As demand for AI infrastructure accelerates worldwide, how will memory technology keep pace? NVIDIA and SK hynix are expanding their collaboration across development.
NVIDIA and SK hynix have entered into a multiyear technology partnership to develop next-generation memory technologies for AI infrastructure while expanding collaboration in semiconductor design and manufacturing.
The agreement is intended to support growing demand for advanced memory as AI computing capacity expands globally. Both companies said the partnership aligns memory development with NVIDIA’s future AI infrastructure roadmap, helping ensure supply can meet the requirements of increasingly large-scale AI systems.
As part of the collaboration, SK hynix will work with NVIDIA on memory technologies for a range of future computing platforms, including the NVIDIA Vera Rubin AI supercomputer architecture, Vera central processing units (CPUs), RTX Spark-powered personal computers and Jetson Thor robotic computing systems.
The partnership also reflects NVIDIA’s expansion into markets spanning AI infrastructure, personal AI and physical AI applications.
Beyond hardware development, the companies will jointly explore the use of AI to improve semiconductor engineering and production processes. SK hynix is already employing NVIDIA’s CUDA-X software libraries and PhysicsNeMo framework to accelerate semiconductor simulations, including technology computer-aided design (TCAD), computational lithography and other internal engineering workflows.

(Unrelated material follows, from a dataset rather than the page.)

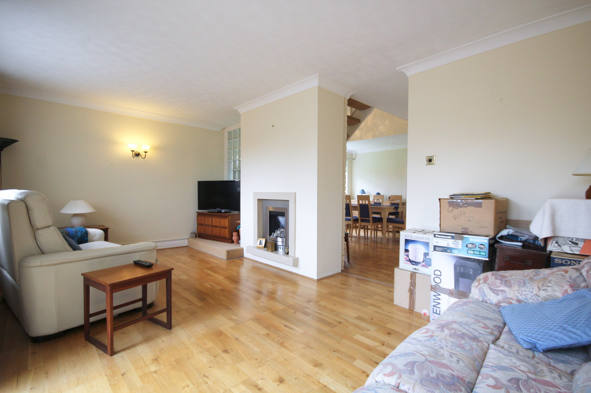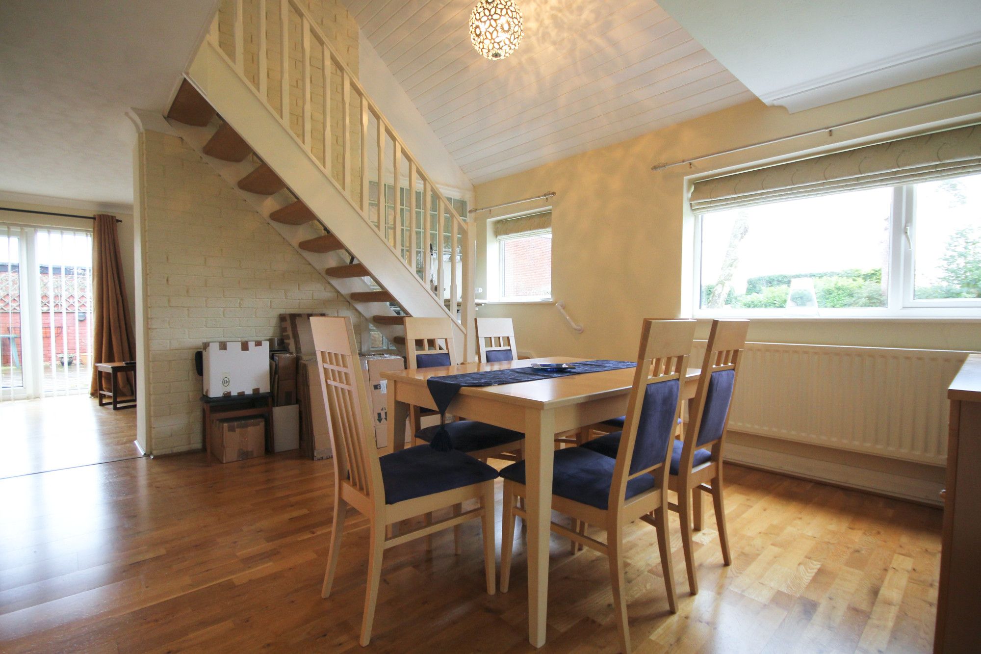 This particular property stands out with its lovely outlook over a small green to the front and its light‑filled, open‑plan ground floor. The entrance hallway features an attractive glass‑brick wall creating a striking connection to the dining room. This impressive central space is the heart of the home, boasting a vaulted ceiling and a gallery landing above.

The companies said the initiative could support broader collaboration between chip manufacturers, electronic design automation software providers and NVIDIA to improve semiconductor development tools and simulation capabilities.

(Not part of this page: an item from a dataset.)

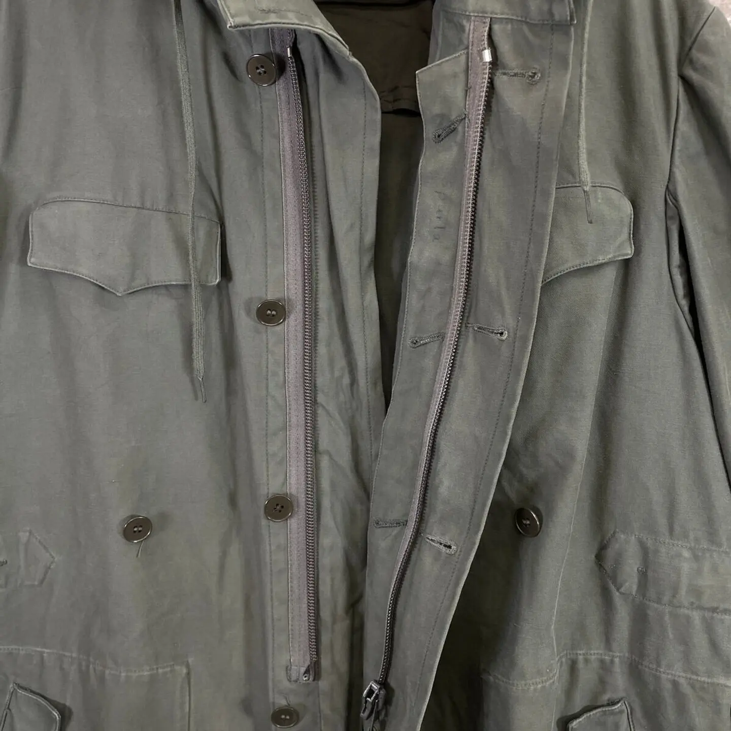■74年納品 ドイツ軍実品 フィールドパーカー モッズコート メンズXL相当 古着 70s 70年代 VINTAGE ヴィンテージ ユーロミリタリー オリーブグリーン【ミリタリージャケット】/カーキグリーン 【サイズ】表記 46(着用感メンズXL相当) ※計測値をご確認ください。 着丈…84 身幅…62 肩幅…50.5 袖丈…63.5 【生産国】ドイツ製 【素材】不明 おそらくコットンかと思われます。 【状態】 ライナー欠品しております。 右袖口ボタン欠けや擦れなどの使用感ございますが、その他大きなダメージなくまだまだ愛用していただけます。 画像にてご確認ください。 【c260123001】 ※古着は洗濯、検品などのケアを行っております。(新品・デッドストックは洗濯していません。) ※モニターの発色により実物と異なる場合がございます。予めご了承ください。 ※ 海外直輸入USED品になります。

Manufacturing innovation forms another key part of the agreement. SK hynix is developing digital twin models of semiconductor fabrication facilities to support more autonomous factory operations.
These virtual environments will use NVIDIA Omniverse technologies, OpenUSD-based workflows and AI-driven optimisation tools to model, simulate and improve manufacturing processes.
The digital twin systems are also expected to assist in managing autonomous mobile robots and factory assets through NVIDIA’s cuOpt optimisation engine and Metropolis platform. The companies are also exploring ways to integrate digital twins with existing factory software and agentic AI systems to automate tasks and support operational decision-making.